But perhaps no meeting attracted as much scrutiny as one in June 2016 between Donald Trump, Jr., Paul Manafort, Jared Kushner, and various Russians, including a Russian lawyer. According to email correspondence, the Trump associates were told they would receive opposition research on Clinton that may have been provided by the Russian government. No research was handed over, but critics said that the language in the emails supported claims of attempted collusion. After weeks of accusations, the story quickly ran out of steam when it was revealed that the Russian lawyer, who was to have provided the information, had employed a shadowy opposition research firm known as Fusion GPS—a business that had strong ties to Democratic interests, had previously tried to smear Mitt Romney donors and critics of Planned Parenthood, and had played a key role in a recent and infamous attempt to smear Trump.

Politicized Intelligence

Many allegations concerning Russia have been taken seriously based solely on the institutional credibility of the accusers. It appears that members of America’s intelligence community are some of the President’s most passionate opponents.

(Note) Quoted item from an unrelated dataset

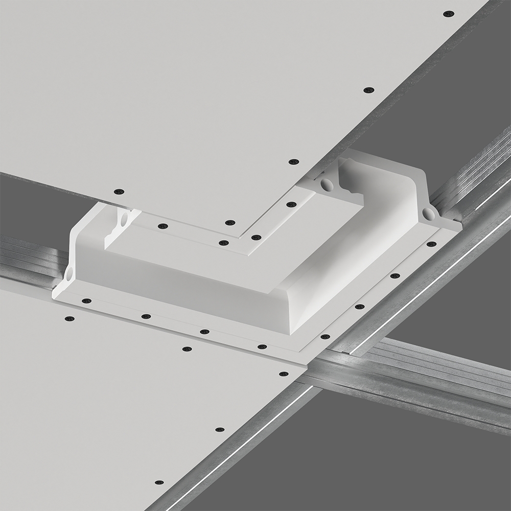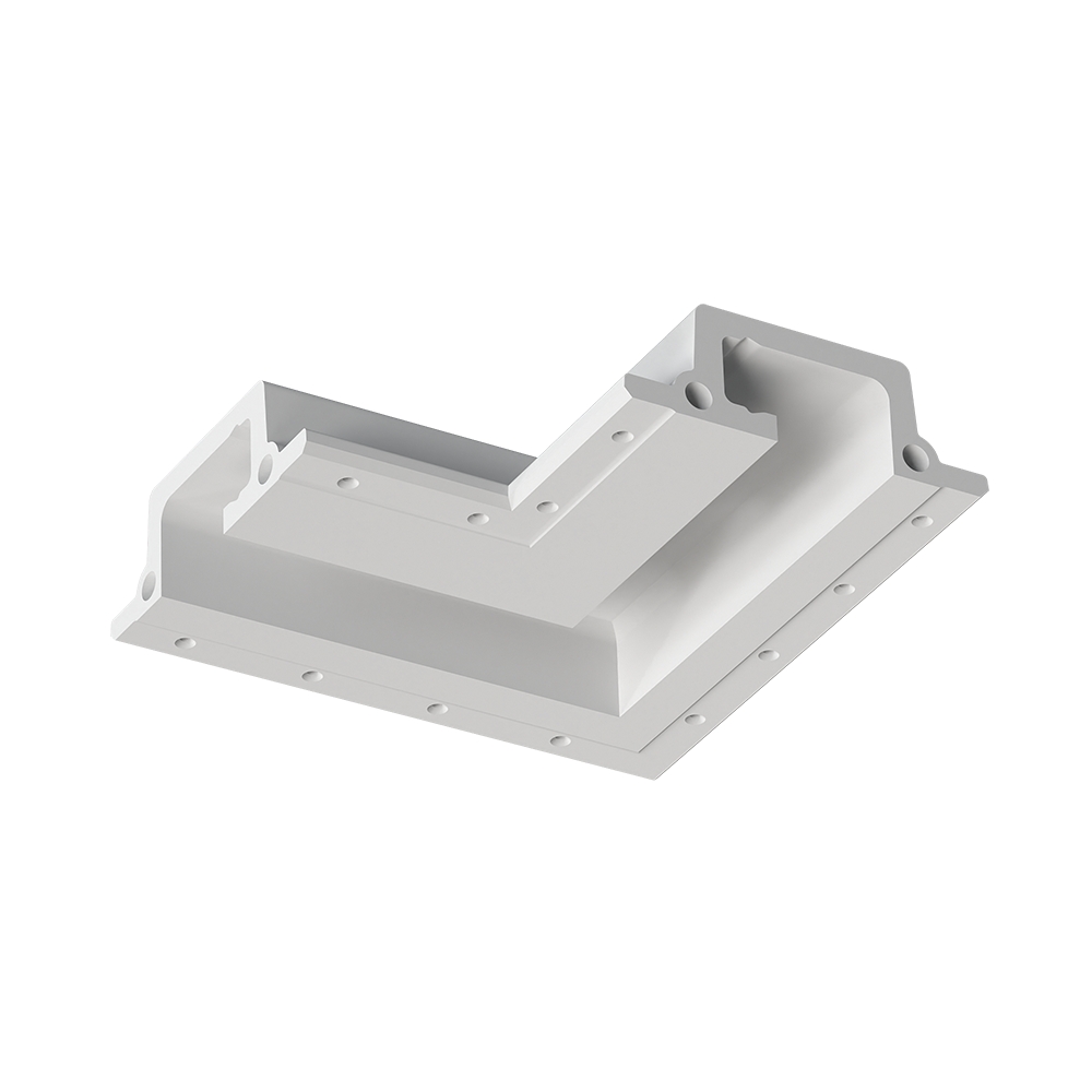 Соединительный элемент (внутренний угол 90) встраиваемой профильной гипсовой системы освещения отражённого света SABER 50 для установки в потолках и стенах из гипсокартона.

Late last December, the Department of Homeland Security and the FBI put out a 13-page report touted as definitive proof of Russian state involvement in the DNC server hack and the phishing attack on John Podesta’s emails. It was remarkably paltry—vague and non-specific in a way that really didn’t help clarify the precise nature of Russia’s involvement. Cyberwarfare expert Jeffrey Carr wrote that the report “adds nothing to the call for evidence that the Russian government was responsible” for the hacks. It listed every threat ever reported by a commercial cybersecurity company that was suspected of having a Russian origin, Carr noted, lumping them under the heading of Russian Intelligence Services, without providing any supporting evidence that such a connection existed. Former Air Force cyberwarfare officer Robert Lee said the report was of limited use to security professionals, in part because of poor organization and a lack of crucial details.

Senior intelligence appointees tried again in early January, with a report from the Office of the Director of National Intelligence. It was also lacking in specifics. But comments from high profile Democrats, supported by a leak campaign to media outlets, did have an effect. By late December, more than half of Democrats believed—despite the lack of evidence—that “Russia tampered with vote tallies in order to get Donald Trump elected President,” according to a YouGov.com poll.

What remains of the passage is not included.